As the summer winds down, I had a chance to take several days to go camping with my husband. It was my first break since last December and I was ready to step away from the phone, computer and meetings for a short while. We traveled the back roads of southwest Colorado, enjoying the beauty of our outdoors that I so often talk about at the Capitol. Our “excellent adventure” gave me breathing space to think over the summer’s activities and to celebrate my half century birthday in a way that I’d be proud of back when I was a mere quarter century.

With Senator Isgar off to new endeavors in Denver after his many years of legislative service, my constituent contact since returning home in May intensified by twice the volume. Many people are surprised that state legislators have no staff when we’re not in Denver for the session and apologize for calling me at home. But state legislators also aren’t provided with a district office, so that’s where you’ll find me, in my daughter’s old bedroom, with the family cat planted firmly in her favorite corner.

It’s that constituent contact that helps shape my legislative efforts for next year and also lets me know how things are working, or not, when people are dealing with our state’s agencies and laws. Based on this summer’s reports, it’s clear that our area still struggles with the bad economic times. We now must face where our revenues have fallen to, at the state and local levels. Making cuts to governmental budgets is not over by any stretch and again will be the main task we face in January. The focus must be how to cut wisely and to do our best to generate new “sticky” jobs, that is, jobs that will stick around.

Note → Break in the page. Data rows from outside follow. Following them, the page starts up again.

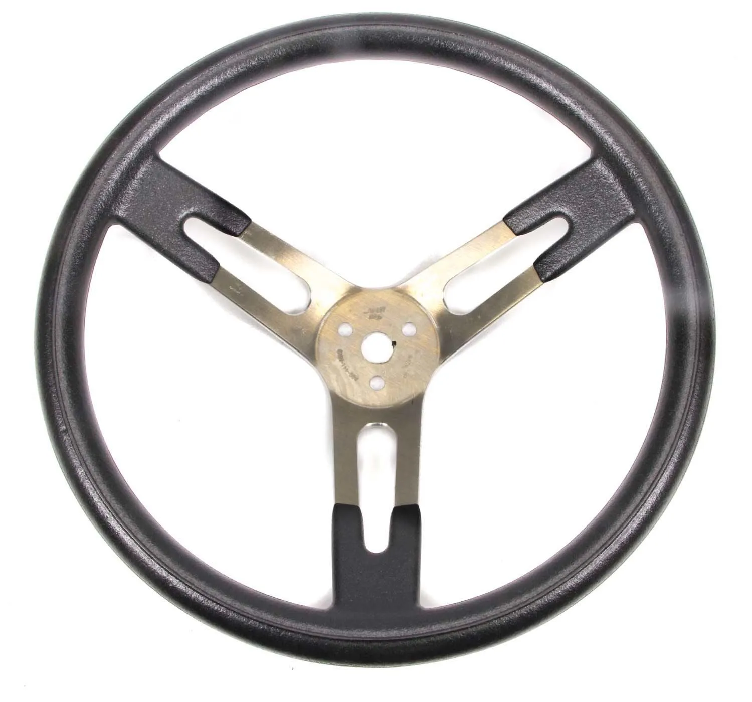 Steering Wheel – 17 in Diameter – 3 in Dish – 3-Spoke – Black Rubberized Bump Grip – Aluminum – Brushed – Each
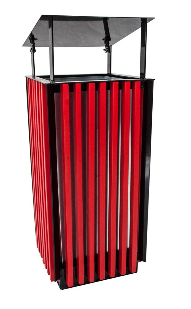 Abfallbehälter Art, mit Dach und mit Holzbelattung (3x Lasurbeschichtung), H x B x T 1000 x 400 x 400 mm
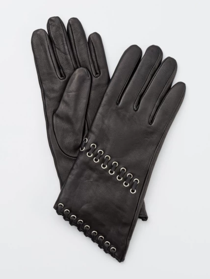 Перчатки кожаные женские IS00575, черные, размер 7, артикул 20240
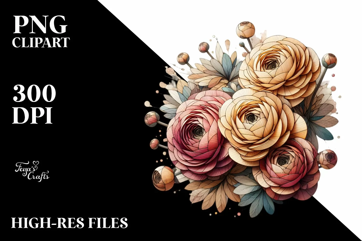 Wooden Stained Ranunculus Watercolor Splash | Sublimation |
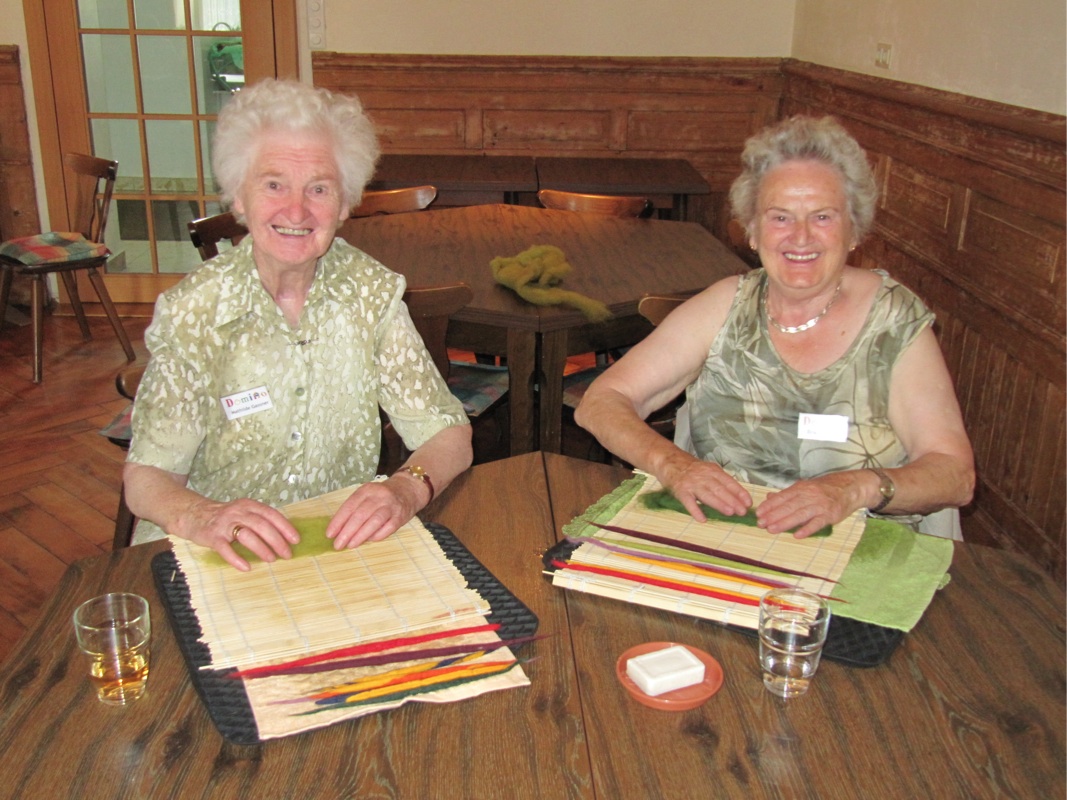 Mathilde Gassner und Erika Gorbach hatten sichtlich Freude beim Basteln des Tischsets
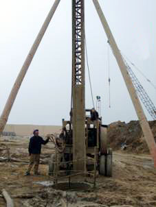 針對(duì)上述要求,工程現(xiàn)場采取以下針對(duì)措施:①由于花崗巖強(qiáng)度較高,沖擊鉆成孔速度慢,可能對(duì)成樁質(zhì)量產(chǎn)生影響。因此結(jié)合以往工程經(jīng)驗(yàn),根據(jù)本工程地層特點(diǎn),制定了比較切合實(shí)際的施工操作參數(shù),提高了成孔施工速度,確保單樁成樁總體時(shí)間符合設(shè)計(jì)要求。②現(xiàn)場加工了兩套清孔裝置,有效地提高清孔速度和質(zhì)量,保證了沉渣厚度滿足設(shè)計(jì)要求的不大于5cm。③在沖擊鉆頭焊上取樣器,解決了地層鑒定需要樣品的問題。

I’ve heard from many about the loss of the senior’s property tax exemption, which I opposed, and how that especially hurts those on fixed incomes. I’ve also heard from many about the impacts of the increase in vehicle registration fees, with the surprise of the new mandatory late penalties being the hardest pill to swallow. And then there’s’the subject of healthcare reform.

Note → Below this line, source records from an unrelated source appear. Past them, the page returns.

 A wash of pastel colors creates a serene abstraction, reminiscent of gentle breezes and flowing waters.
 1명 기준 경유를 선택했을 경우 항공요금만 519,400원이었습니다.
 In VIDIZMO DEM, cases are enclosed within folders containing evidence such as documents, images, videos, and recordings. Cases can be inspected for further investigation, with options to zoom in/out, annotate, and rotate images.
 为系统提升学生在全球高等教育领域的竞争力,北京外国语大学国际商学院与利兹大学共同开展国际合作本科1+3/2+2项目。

Last month, I suggested we all start on this topic first with a deep breath. But, despite my reminder that that I’m in the state Legislature and don’t vote on congressional bills, the protests that I hear from people are not staged, but sincere and compelling in terms of seeking answers to foreseeable consequences.

My assessment is, at the most basic level, for those who see improvements needed to our healthcare system, people split into two camps. One side feels reforms should be accomplished first to the problems in how healthcare is delivered. The other side wants to expand access to the current system to as many people as possible first and fix the delivery problems on a slower time frame.

I’m in the first camp and, at the state level, we’ve been successfully working’on a number of those delivery problems. But, until we make greater progress, expanding access without an adequate number of healthcare professionals and reimbursement for services, we’re stretching providers and resources too thinly.

I was most troubled by the turn taken in the healthcare reform debates in the past month regarding end of life care. I’m on the legislative interim committee studying hospice and palliative care in Colorado. I’ll report more this fall when we complete our work identifying barriers to this care in our state.

What got lost in the verbal scuffles was that hospice care is patient-directed and patient-centered care. It’s’a compassionate choice made by informed patients. The people who provide this care, the physicians, nurses, social workers, chaplains, grief counselors and volunteers, are saints in my book. Their tenderness and quality of care are of immeasurable value, to the patient and family. I know this firsthand.